I’d say that if you’ve been a reader for a while and have also read Donella Meadows book on systems thinking, there probably isn’t going to be any new material here for you, but I do think even then, there is strategy to be learned in how to deliver this stuff.

I’m reminded of a quote I read in the intro to the Joint Cognitive Systems book where Cassirer is quoted:

“It is, … the fundamental principle of cognition that the universal can be perceived only in the particular, while the particular can be thought of only in reference to the universal.”

This is something I see come up all the time and get questions about. It’s all well and good, but how do you apply it? How do you spread that knowledge without just asking people to read a ton of PDFs?

This is one answer, though it’s far from the only answer. I’ll be going over each principle briefly, many of them are likely familiar if you’ve been a reader for a while.

In addition the 10 principles they suggest a “foundation of system focus.” Which is of course necessary, if you aren’t willing to look at the system as a whole, then you won’t be able to apply the principles or even see their relevance.

1. Field expert involvement

I’ve talked about this one a lot, so I was glad to see it highlighted first.

“Field experts” is what this paper calls the sharp end.

It might seem obvious to include the people doing the work (in this case air traffic), but as you go through higher levels of process, they tend to be involved less and less. This principle is an encouragement to remedy that.

Of course, people throughout the organization, the “blunt end” included are experts and specialists in their work, but they are unlikely to be experts in the work of frontline operators.

The “practical advice” on this principle, is pretty much just what the title says, to involve the front line operators in things like learning and investigation.

2. Local rationality

This one probably is very familiar as others have said this a lot and you’ve been a reader for a while you will have seen it too.

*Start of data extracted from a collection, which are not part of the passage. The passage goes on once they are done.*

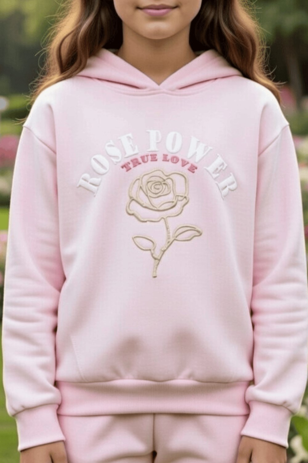Kız Çocuk pembe Kapüşonlu Sweatshirt – Rose Power Baskılı
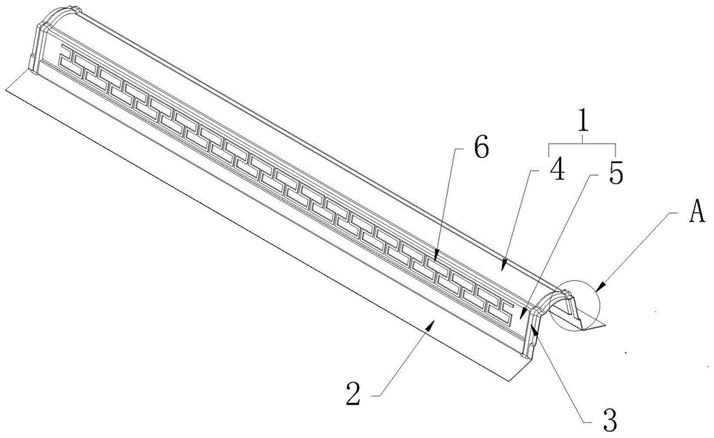 相比現有的合成樹脂斜脊瓦,本實用新型設置凸棱3進行限位搭接,可減少安裝成本、提高安裝效率;另外,脊瓦部1分成位于中部的拱形部4和連接在拱形部4兩側的裝飾部5,可保證本實用新型具有足夠的支撐強度和一定的彈性形變能力,并能根據安裝環境調整而匹配具體斜梁結構、傾斜度進行安裝;此外,裝飾部5設置仿古紋路6能糅合古典文化和現代材料工藝,提高產品競爭力。
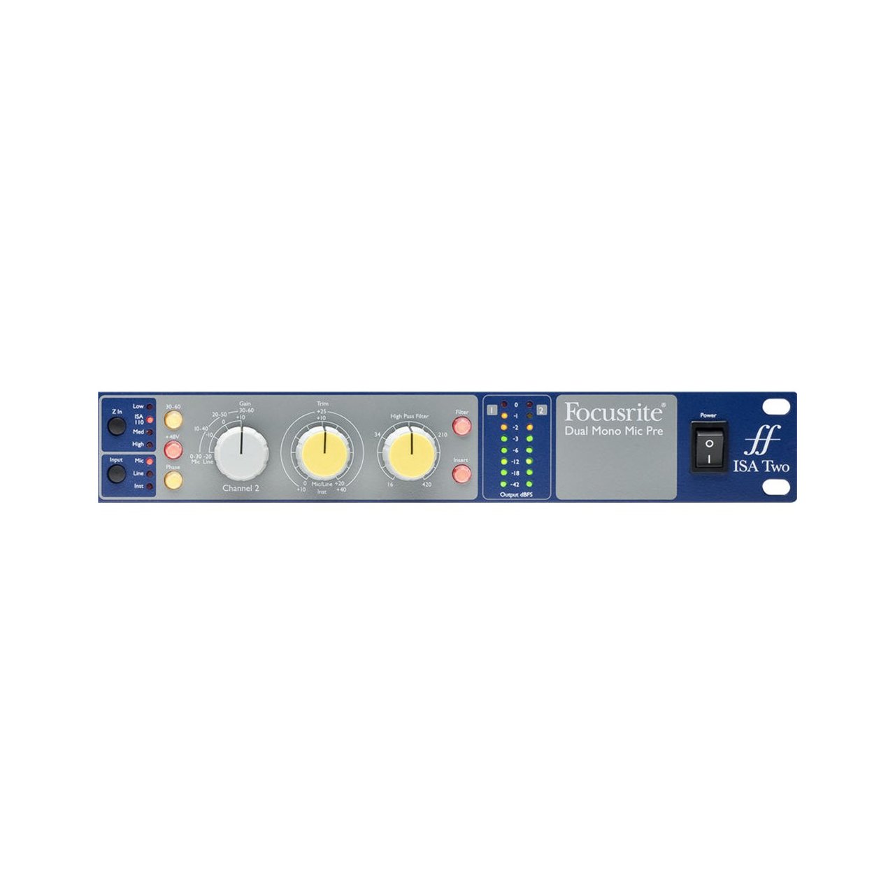 The Focusrite ISA Two is a high-end dual channel mic-pre. ISA preamps are based on the legendary Rupert Neve built pre-amp’s commissioned by Sir George Martin for the console at AIR Montserrat. At the heart of the ISA preamp is the input transformer - the Lundahl LL1538. The ISA Two also has variable impedance settings, instrument inputs, high pass filter, gain and trim encoders along with insert points too.
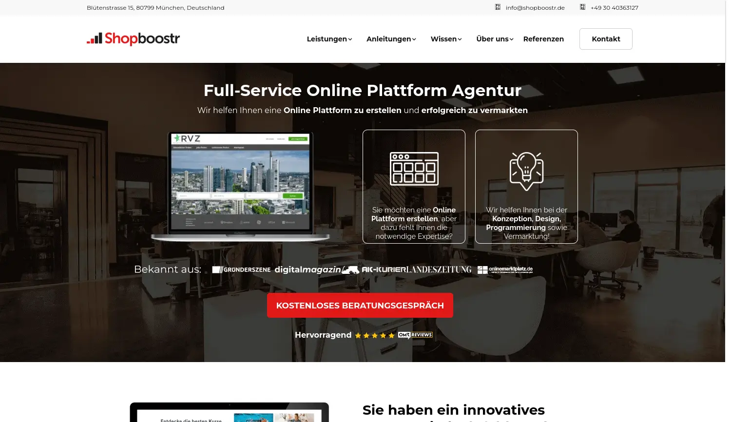 Die Full-Service Agentur für die Entwicklung erfolgreicher Online Plattformen und Marktplätze. Shopboostr ist eine spezialisierte Full-Service Agentur, die Unternehmen bei der Konzeption, Entwicklung und erfolgreichen Vermarktung von Online Plattformen und Marktplätzen unterstützt.
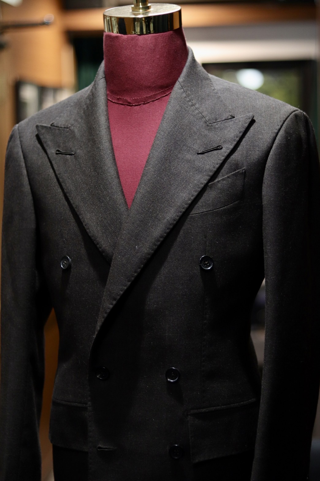 ウイリアムハルステッドのCHURCHILL(チャーチル)390gm wool100 を使ったダブルブレストのジャケットです。男を魅力的見せるブラウンのダブルブレストが本当に美しい仕上がりです。ウイリアムハルステッドのイギリス生地独特のあの、しっかりとした張りと厚みのある生地がイタリア製フルオーダージャケットの手縫いの柔らかさと相まって、シャープでありながらも、イタリア独特の丸みがあるのが写真で分かってもらえると思います。

Local rationality just means that, our rationality, the way we think, reason, and make decisions is shaped by what is local to us. And what is local to us includes things like what we need to do (demands), our knowledge, and our context.

At its simplest we can say local rationality means that people do things because it made sense to them at the time for some reason. This is true whether we later learn was “good” or “bad.”

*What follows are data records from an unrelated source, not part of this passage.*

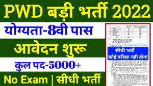 PWD Recruitment 2022 – Post- 5000, Online Apply, 8th, 10th,12th Apply
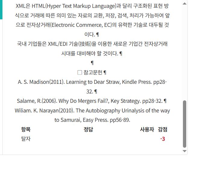 띄어쓰기를 잘못하여 감점이 된것입니다
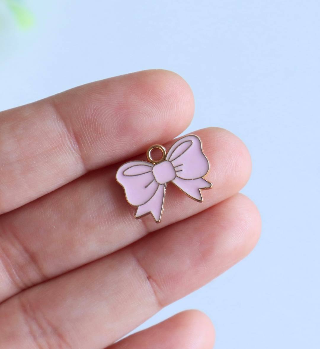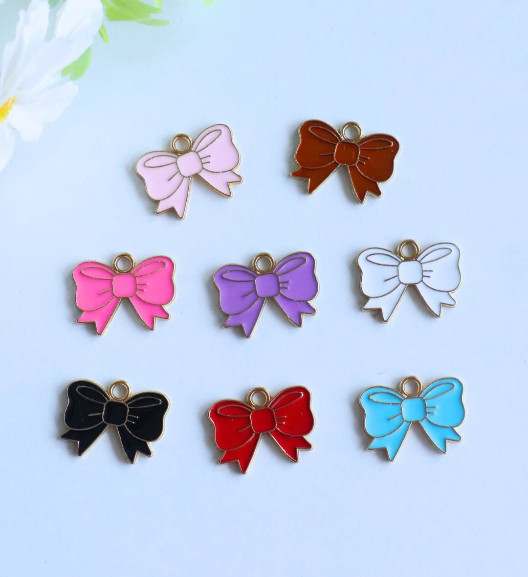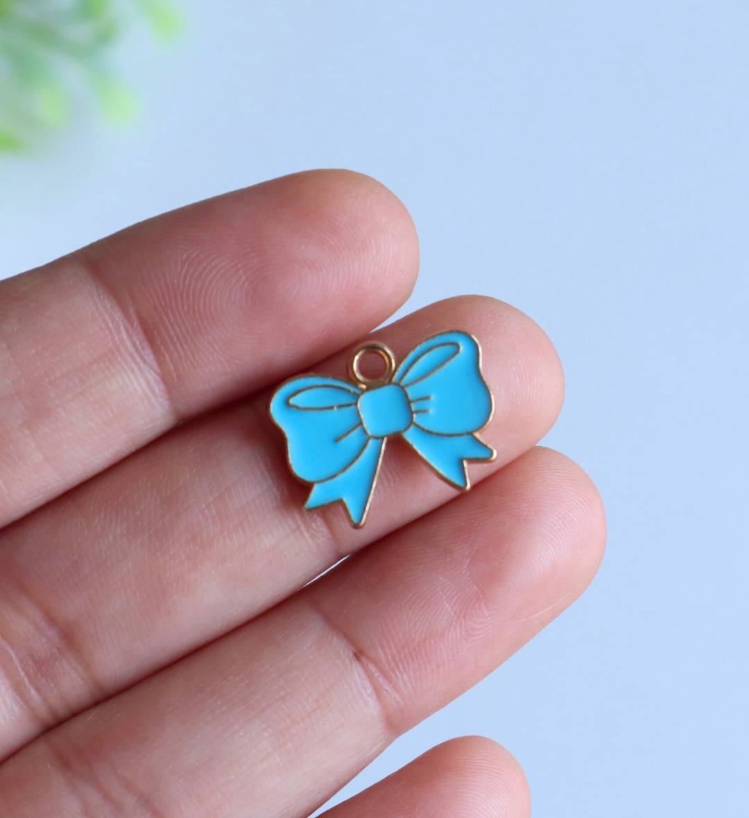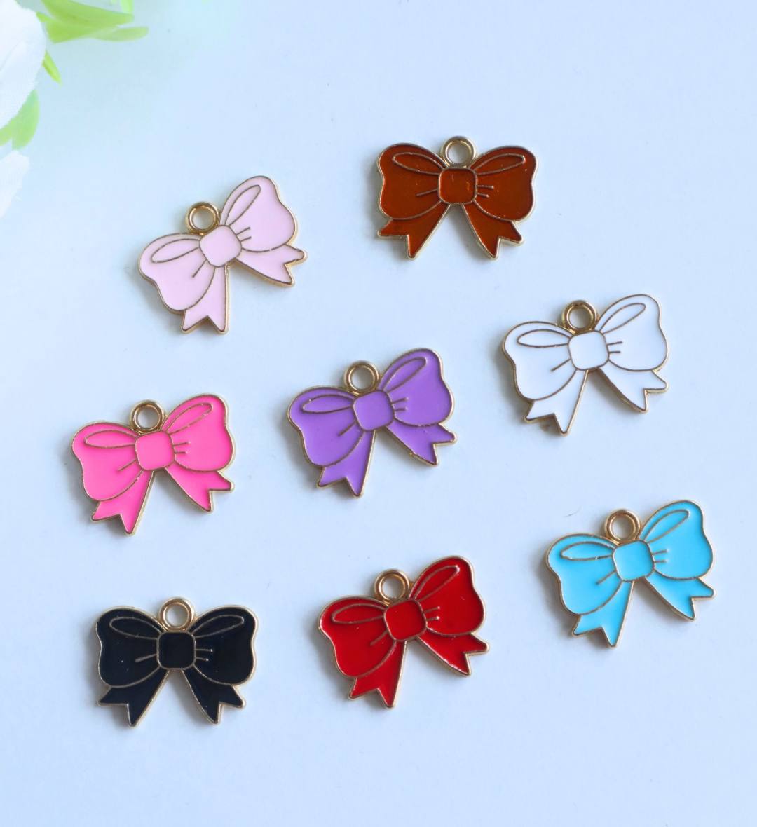 enamel bow charms, ribbon pendant charm, cute jewelry making supplies, DIY enamel pendants, colorful bow charm, gold bow pendant, handmade jewelry findings, kawaii craft charms, resin art supplies, pastel bow accessories, enamel ribbon charm, alloy jewelry charms

This is important because if it made sense to one person, it could make sense to others. Again this applies if its good or bad.

This principle leads us to investigation of how some action or strategy or behavior made sense at the time. Maybe we want to make a behavior less likely, or maybe we want to encourage it! Either way to truly understand why someone did something we need to understand how it made sense.

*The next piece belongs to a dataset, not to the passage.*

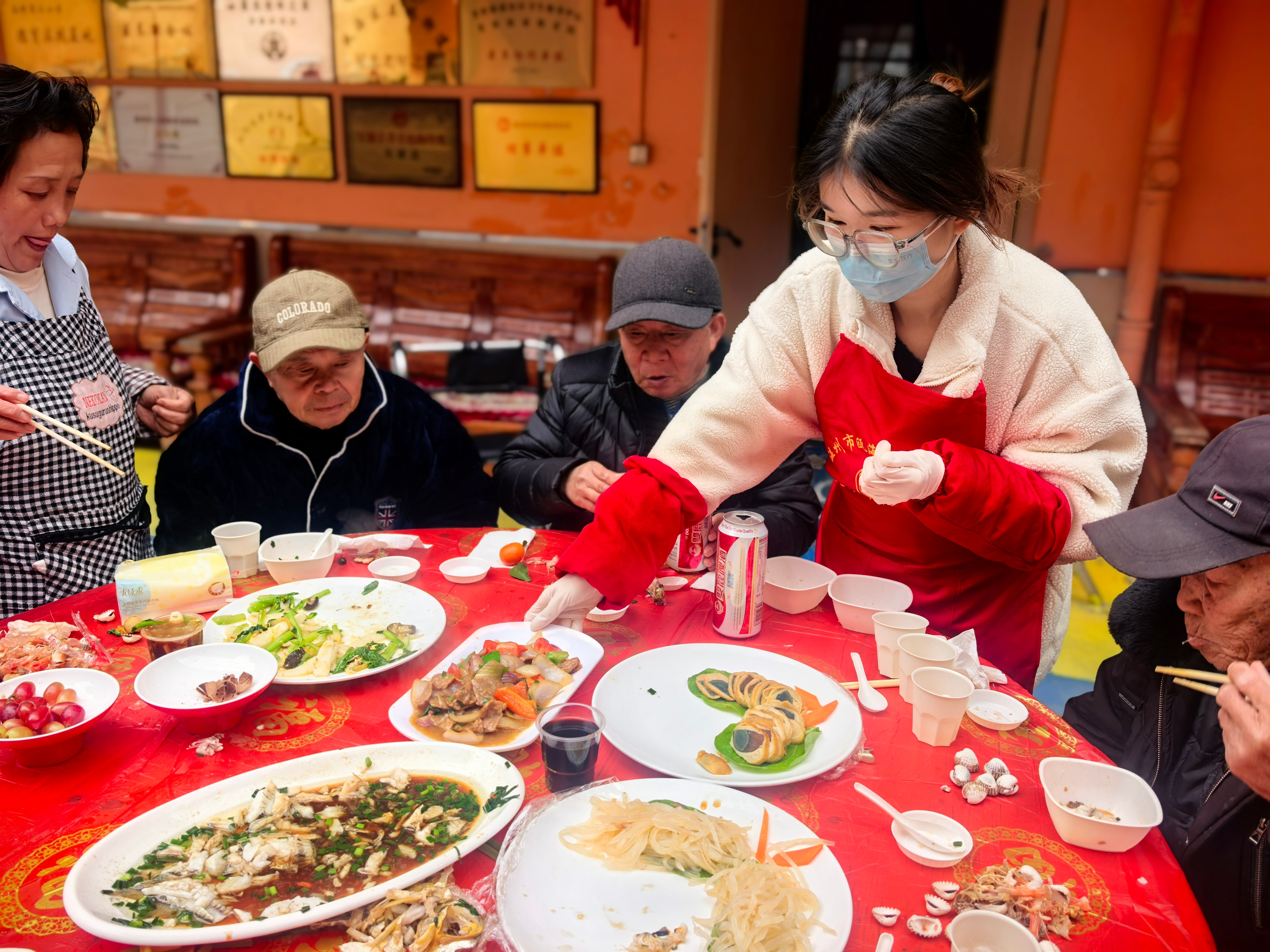 活动现场,青年志愿者们分工明确、干劲十足。有的与老人们促膝谈心,拉家常、问冷暖;有的撸起袖子,洗菜切配、起锅烧油,热火朝天地准备菜肴。数小时后,一桌桌丰盛可口的酒席整齐摆开,老人们围坐一堂,品尝着美味佳肴,脸上洋溢着幸福的笑容,现场欢声笑语不断,温情满满。
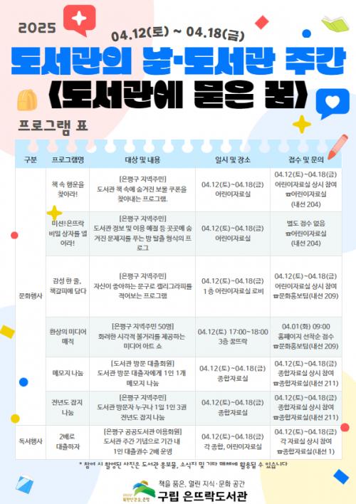[½Åµ¿¾Æ¹æ¼Û ÀºÆò±¸=À̽ŵ¿±âÀÚ] ÀºÆò±¸´Â ±¸¸³ Àº¶ß¶ôµµ¼­°ü¿¡¼­ µµ¼­°üÀÇ ³¯¡¤µµ¼­°ü ÁÖ°£À» ±â³äÇØ ¡®²ÞÀ» Ű¿ì´Â ¾¾¾Ñ, µµ¼­°ü¿¡ ¹¯´Ù¡¯¸¦ ÁÖÁ¦·Î ¹®È­Çà»ç¿Í µ¶¼­ Çà»ç¸¦ ÁøÇàÇÑ´Ù°í ¹àÇû´Ù. µµ¼­°üÀÇ ³¯¡¤µµ¼­°ü ÁÖ°£ Çà»ç´Â Áö¿ªÁֹο¡°Ô µµ¼­°üÀÇ Á߿伺°ú ÇÊ¡¦

This also points us at another important point, if our rationality is local, then that means there can’t possibly just one single viewpoint. As we investigate and try to understand events and work, we need to seek those multiple perspectives, since one single perspective or truth doesn’t exist.

3. Just culture

We cannot decompose complex systems to their parts and then asses the parts for safety. We’ve discussed this in The Role of Software in Spacecraft Accidents and elsewhere.

This applies not to just machine parts but also human parts of the system (that’s why it’s sociotechnical after all). This means that we can’t say part of how someone performed is only attributable to them, it must be looked at in the context of the system as a whole.

Examining that whole is part of a just culture. They define it as:

a culture in which front-line operators and others are not punished for actions, omissions or decisions taken by them that are commensurate with their experience and training, but where gross negligence, wilful violations and destructive acts are not tolerated.

4. Demand and pressure

If you’ve read the Donela Meadows Systems Thinking: A Primer, this one will seem very familiar.

Demand and pressure are important parts of understanding a system because a system responds, for good or ill, to demand.

Pressure can result from demands. The pressure can vary in terms of which resource is being pressured, like time pressure for example.

The system (and people as a part of it), respond to that pressure. This is most often visible in the sacrificing of long term goals for short term ones as pressure rises.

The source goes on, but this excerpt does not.